EUで「海洋汚染罪」を導入:犯罪化が実現、公海上の行為も処罰
欧州連合(EU)の閣僚理事会は、中央ヨーロッパ時間12日、故意又は重過失により(vorsätzlich oder grob fahrlässig)惹き起こされた海洋汚染を加盟国が犯罪とし、刑事罰を義務付ける指令(Richtlinie)を可決した。これにより、2年以上に亘った立法手続は完了し、同指令は成立した。
EUでは、1999年のエリカ(ERIKA)号座礁事件と2002年のプレスティージ(PRESTIGE)号座礁事件により、石油その他の有害物質による海洋汚染が深刻な問題として認識されるようになった。現在、安全基準をみたさない船舶や老朽船舶の追放などの措置を行っているが、より予防効果のある措置として、汚染行為に対する刑事罰の導入が期待されていた。
同指令では、一部の加盟国の反対により、自由刑(日本の懲役刑に相当)を導入することはできなかったが、最大150万ユーロの罰金が科せられることになり、海洋汚染を予防する効果が期待されている。また、「海洋汚染に領海も公海も区別はない」との論理のもと、指令は、適用範囲を領海に限定せず、公海上の行為も犯罪行為としているため、この点で「ザル法」となることはない。
同指令は、加盟国の港湾に寄航する船舶であれば、船舶の旗国(船籍)や船長・船舶所有者等の国籍等に関係なく適用される。

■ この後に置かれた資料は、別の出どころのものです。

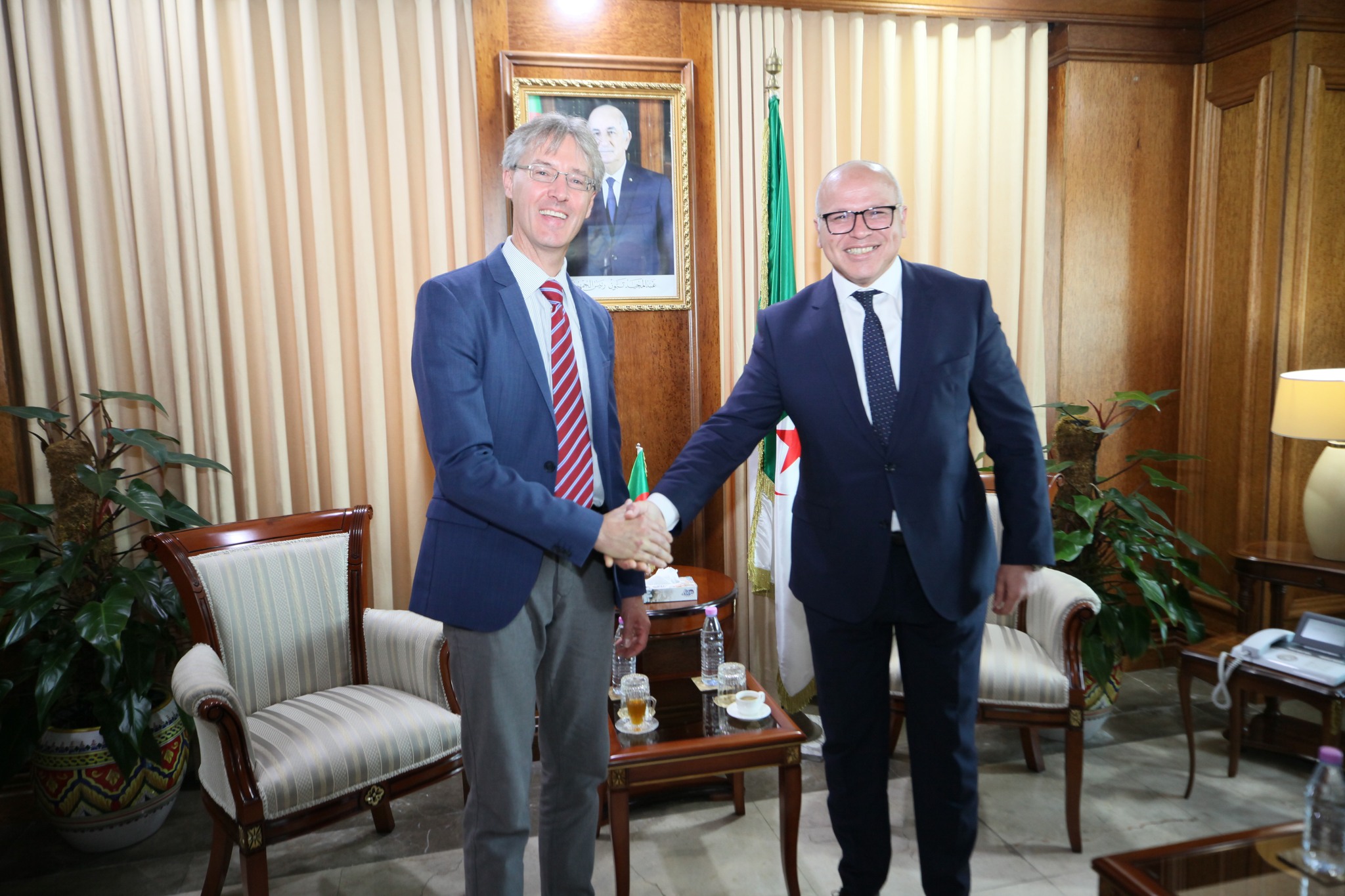 استقبل كاتب الدولة لدى وزير الطاقة المكلف بالطاقات المتجددة الجزائري، نور الدين ياسع، اليوم الاثنين، المستشار المختص بالتعاون الدولي لمنطقة الشرق الأوسط وشمال إفريقيا لدى المعهد الألماني للقياس (PTB) التابع لوزارة التعاون الاقتصادي والتنمية الألمانية، كارل فيليكس وولف، وذلك على هامش فعاليات معرض التجارة البينية الإفريقية المنعقد بالجزائر العاصمة من 4 إلى 10 سبتمبر الجاري.

今回成立した指令は、「船舶による海洋汚染、及び、汚染罪に対する制裁(刑事罰を含む。)の導入に関する欧州議会及び理事会の指令(Richtlinie des Europäischen Parlaments und des Rates über die Meeresverschmutzung durch Schiffe und die Einführung von Sanktionen, einschließlich strafrechtlicher Sanktionen, für Verschmutzungsdelikte)」で、近く正文がEU官報(Amtsblatt)で公布される。
海洋汚染罪の構成要件となる「有害物質(Schadstoffe)」は、マルポール73/78条約(Marpol-Übereinkommen 73/78、1973年の船舶による汚染の防止のための国際条約に関する1978年の議定書)の第一附属書及び第二附属書に定められた物質とされており、具体的には、石油などの油類と有害液体物質が対象となる。
指令案は、2003年3月6日に欧州委員会によって提出されたが(欧州委員会2003年92号確定)、欧州議会と理事会の共同決定手続(Mitentscheidungsverfahren、欧州共同体条約251条)によるべきものとされているため、2年以上の時間を掛けてようやく成立にまでこぎつけた。
今後、指令は国内法に転換されることになるが、欧州委員会の原案によれば転換期限は6か月であり、早急に国内法に転換されるものと見られる。